Sayma Suraiya, Faculty of Business & Economics. DIU
Type 2: Decision Making Under Risk: In decision making under risk, the decision maker knows the probability of
occurrence of each outcome. For example, that the probability of being dealt a club is 0.25. The probability of rolling
a 5 on a die is 1/6. In decision making under risk, the decision maker attempts to maximize his or her expected well-
being. Decision theory models for business problems in this environment typically employ two equivalent criteria:
maximization of expected monetary value and minimization of expected loss.

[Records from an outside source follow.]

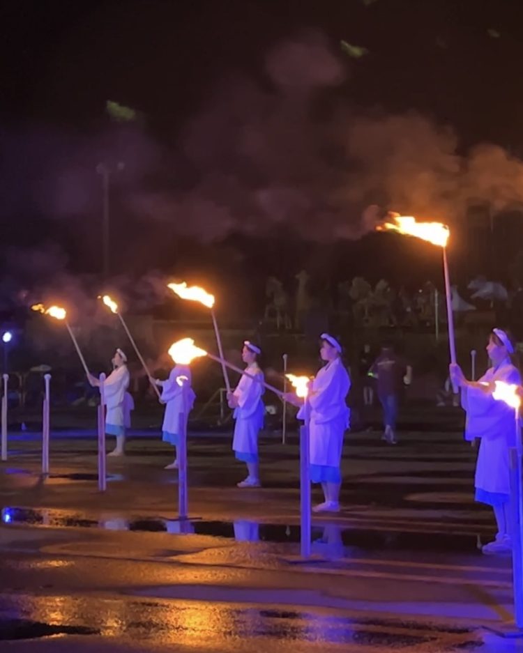 やがて、林立するすべてのトーチにうやうやしく火がつけられました。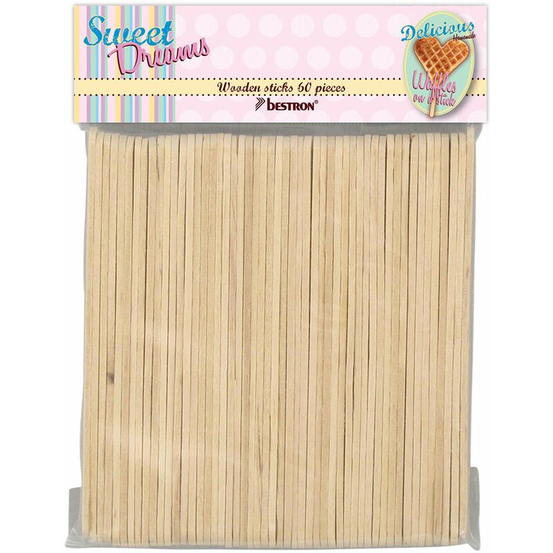 Pratico set con 60 bastoncini di legno per il piacere di assaporare deliziose cialde dolci o salate direttamente su stecco - Ideale per feste o compleanni di bambini - Facili da tenere in mano per decorare, servire o mangiare cialde appena sfornate grazie alle dimensioni maneggevoli (14 cm di lunghezza, 1 cm di larghezza) - Supplemento agli stampi per cialde a forma di cuore (DSW271P, DSW271) della serie di design Sweet Dreams in stile retro - Materiale: legno naturale per uso alimentare, Resistenti ai morsi e privi di schegge per un divertimento in sicurezza - Contenuto: 2 Bestron Set di bastoncini di legno (60 stecchi ciascuno), Materiale: Legno, Dimensioni di ciascun bastoncino: 14 cm lunghezza, 1 cm larghezza, DST60
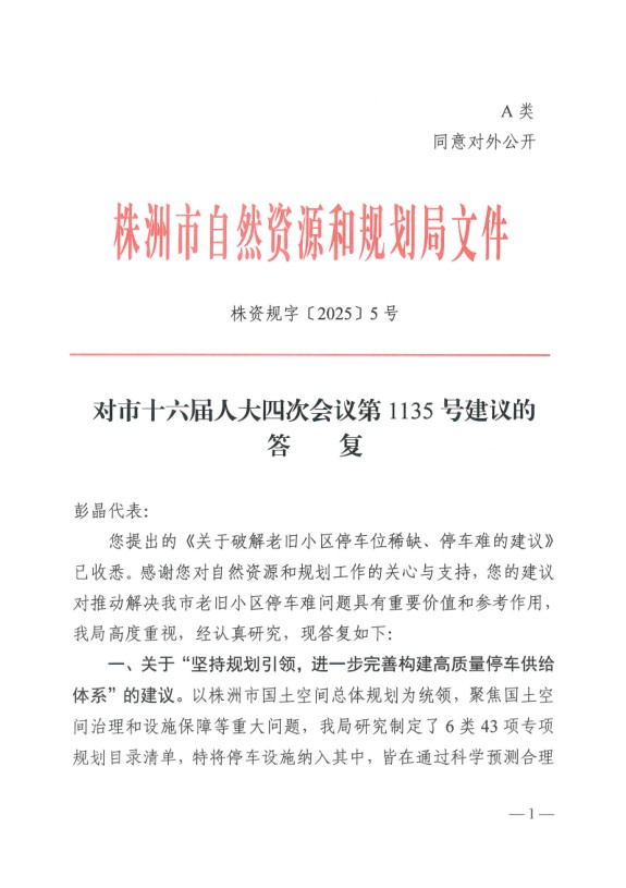 株资规字〔2025〕5号, 对市十六届人大四次会议第1135号建议的答复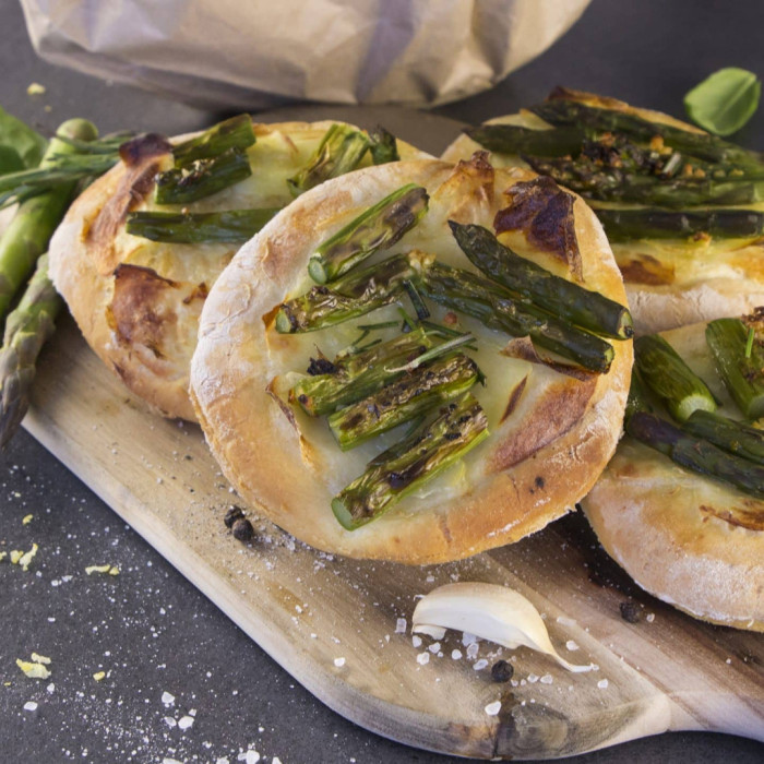 Die Arbeitsfläche bemehlen, den Teig noch einmal durchkneten und in 12 gleich große Kugeln teilen. Diese gleichmäßig zu kleinen Pizzaböden ausrollen, mit Kartoffelscheiben und Spargel belegen. Das Zitronen-Knoblauchöl darüber träufeln und nach Geschmack salzen und pfeffern. Die Pizzen 15 bis 20 Minuten backen, bis sie schön gebräunt sind, und mit frischem Rosmarin garniert servieren.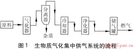 目前,生物質(zhì)資源的處理方式主要有生物質(zhì)氣化技術(shù)[12~14]、固化成型技術(shù)[15~18]。國(guó)內(nèi)提出的生物質(zhì)氣化集中供氣系統(tǒng)的流程見圖1。該技術(shù)采用氣化的方法將農(nóng)林生物質(zhì)轉(zhuǎn)換為可燃?xì)怏w,氣化效率達(dá)到了72%~75%,燃?xì)獾蜔嶂颠_(dá)到5MJ/m3。生物質(zhì)固化成型技術(shù)是將農(nóng)林生物質(zhì)粉碎后,通過成型設(shè)備加工成顆粒、塊、棒、片等形狀直接燃燒。固化成型技術(shù)的工藝、設(shè)備簡(jiǎn)單,燃料便于儲(chǔ)存和長(zhǎng)途運(yùn)輸,易于實(shí)現(xiàn)產(chǎn)業(yè)化大規(guī)模生產(chǎn)和應(yīng)用。這種技術(shù)不需特殊的燃燒設(shè)備,對(duì)現(xiàn)有鍋爐設(shè)備進(jìn)行簡(jiǎn)單改造即可,技術(shù)經(jīng)濟(jì)性能相對(duì)較高。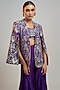 Gopi Vaid features a mesmerizing Purple Blazer that captivates with its elegance. The eye-catching piece is crafted in tussar with resham work. Accessorize the designer blazer with statement jewellery and heels for festive occasions.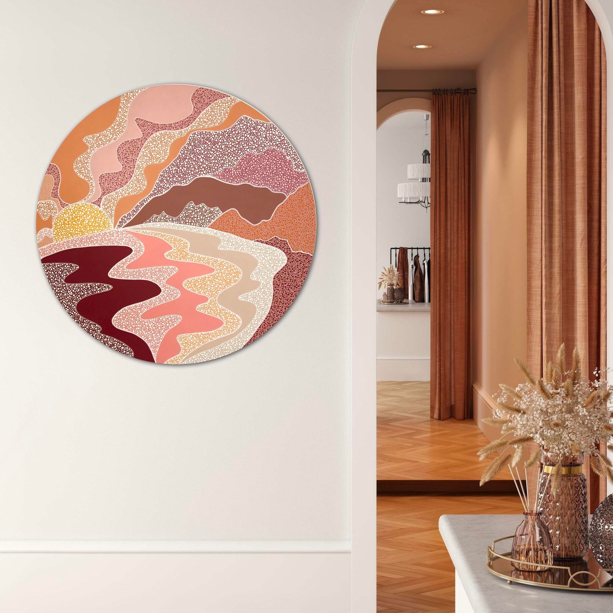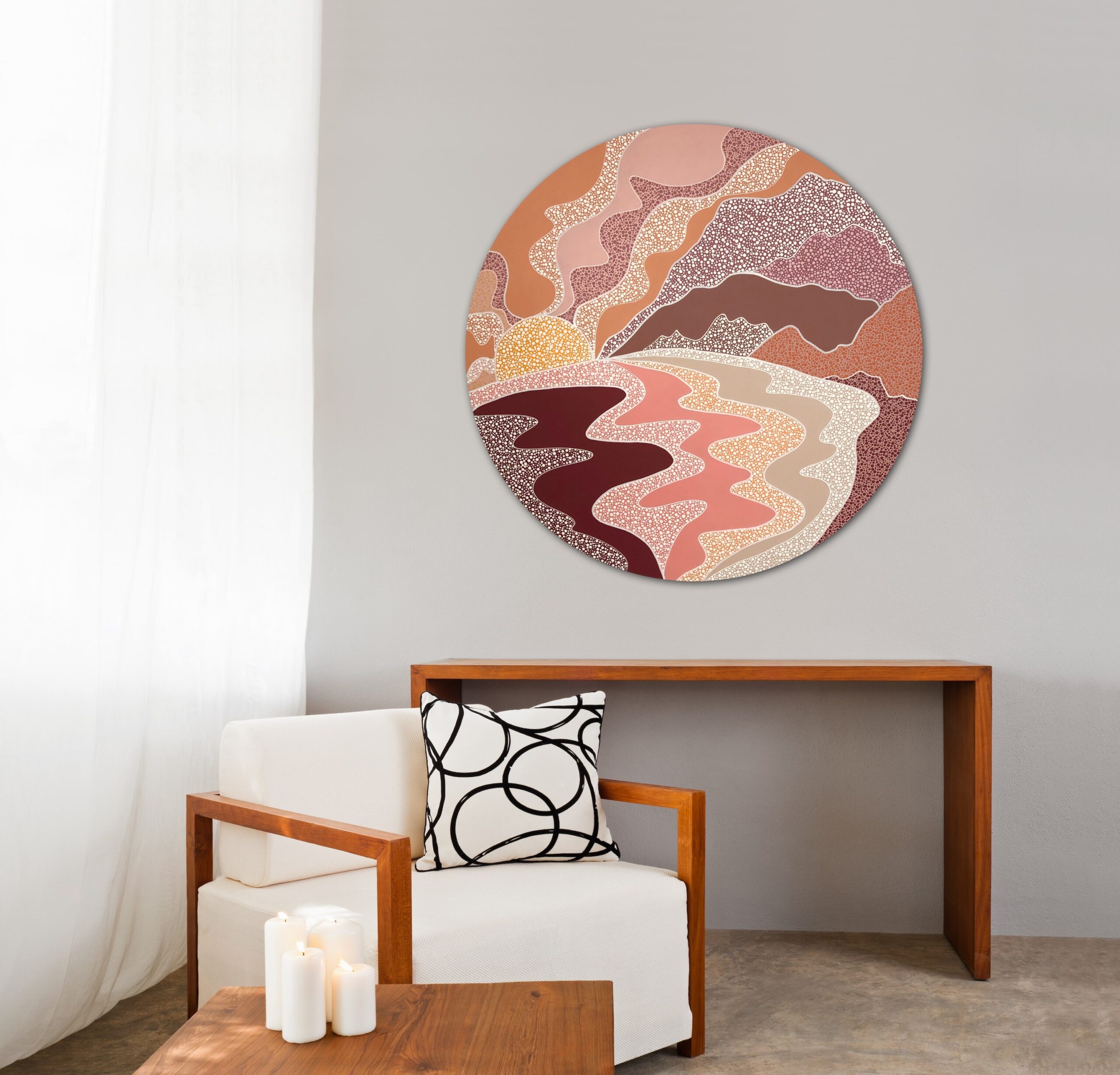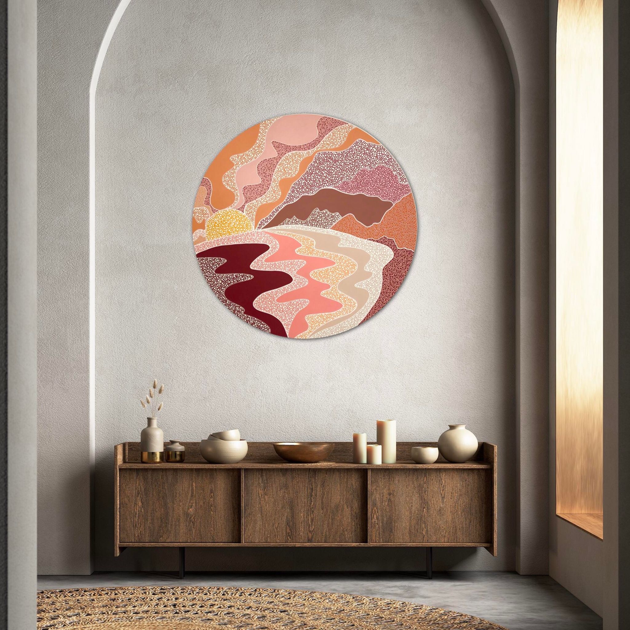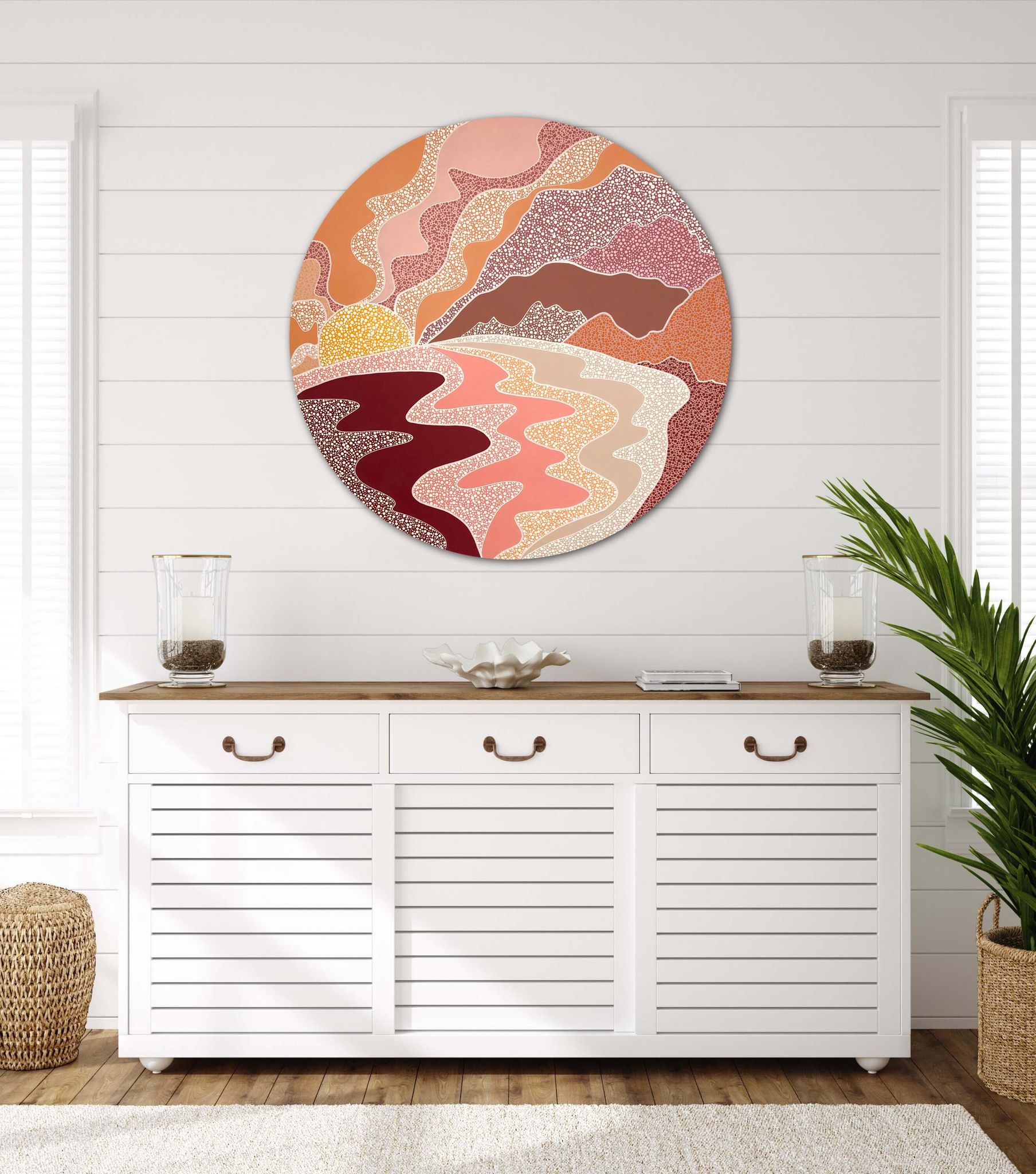 Nature, particularly the Australian landscapes she's explored remains a powerful muse. Her colour palettes echo the serenity of sunrises and sunsets—blending warm earthy tones with cool, introspective hues and vibrant splashes of joyful energy. For years, Nikki kept the spiritual side of her process private, fearing it might be misunderstood. But embracing her truth has allowed her to share the essence of what makes her art unique. Each of her creations is more than a painting—it’s a visual story infused with feeling, intention, and the quiet whispers of the universe, encouraging others to honour their own inner voice.

Type 3: Decision Making Under Uncertainty: In decision making under uncertainty the decision maker does not
know the probabilities of the various outcomes. As an example, the probability that a BNP personnel will be president
of Bangladesh 25 years from now is not known. Sometimes it is impossible to assess the probability of success of a
new undertaking or product.
Decision making under risk is a probabilistic decision situation. Several possible states of nature may occur, each
with a given probability.
There are three types of methods or criteria available, which could be of help to the decision maker.
1. Expected Monetary Value: EMV is the weighted sum of possible payoffs for each alternative.
i.e. EMV (alternative i ) = (Payoff of first state of nature) x ( Probability of first state of nature)
+(Payoff of second state of nature)x(Probability of second state of nature)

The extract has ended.